Oxidative stress-induced protein radical formation precedes follicular dendritic cell apoptosis in murine sepsis (92.3)

Abstract

Abstract New studies indicate that most deaths from sepsis are actually the result of a substantially impaired immune response that is due to extensive death of immune effector cells including follicular dendritic cells (FDCs). However studies by Hotchkiss et al, and others have shown that FDC's undergo caspase 3-mediated apoptosis at 36 h post sepsis with profound depletion of these cells by 48 hours, but the underlying causes of apoptosis have been unknown. This study hypothesizes the role of oxidative stress-induced protein radical formation in FDCs as the principle cause of apoptosis in murine sepsis. This study utilizes immuno-spin trapping to detect DMPO (spin trap) nitrone adducts in FDCs isolated from Lipopolysaccharide (LPS)-primed mice after flow sorting. The isolated FDCs were also screened by LC/MS/MS analysis to detect possible proteins that contained DMPO nitrone adducts.
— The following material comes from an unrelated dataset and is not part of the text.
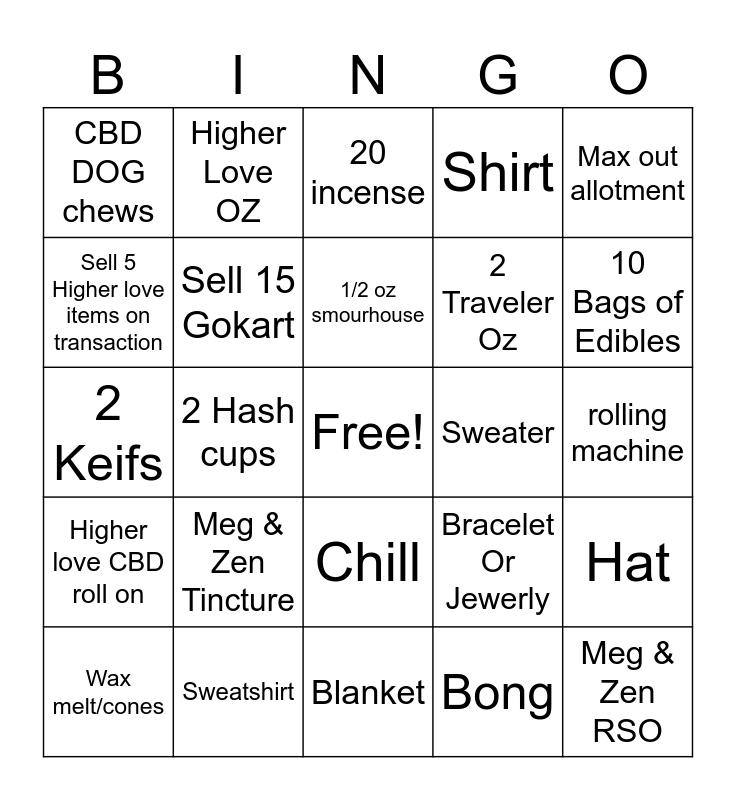 This bingo card has a free space and 24 words: Meg & Zen Tincture, Sweatshirt, 1/2 oz smourhouse, Wax melt/cones, Max out allotment, CBD DOG chews, Sell 5 Higher love items on transaction, Higher Love OZ, Sweater, Chill, 2 Traveler Oz, 2 Keifs, Bracelet Or Jewerly, Hat, Sell 15 Gokart, Bong, rolling machine, 20 incense, 10 Bags of Edibles, 2 Hash cups, Meg & Zen RSO, Higher love CBD roll on, Shirt and Blanket.

Results indicated that mice administered LPS had DMPO nitrone adduct formation at 24 hours post sepsis as detected by western blot analysis and confocal microscopy. Mice administered allopurinol mice showed significant decrease in adduct formation, annexin V binding, thus indicating the role of xanthine oxidase in oxidative stress-induced protein radical formation and apoptosis. This clearly suggested a role of xanthine oxidase-mediated oxidative stress in FDC apoptosis in the germinal center of septic mice.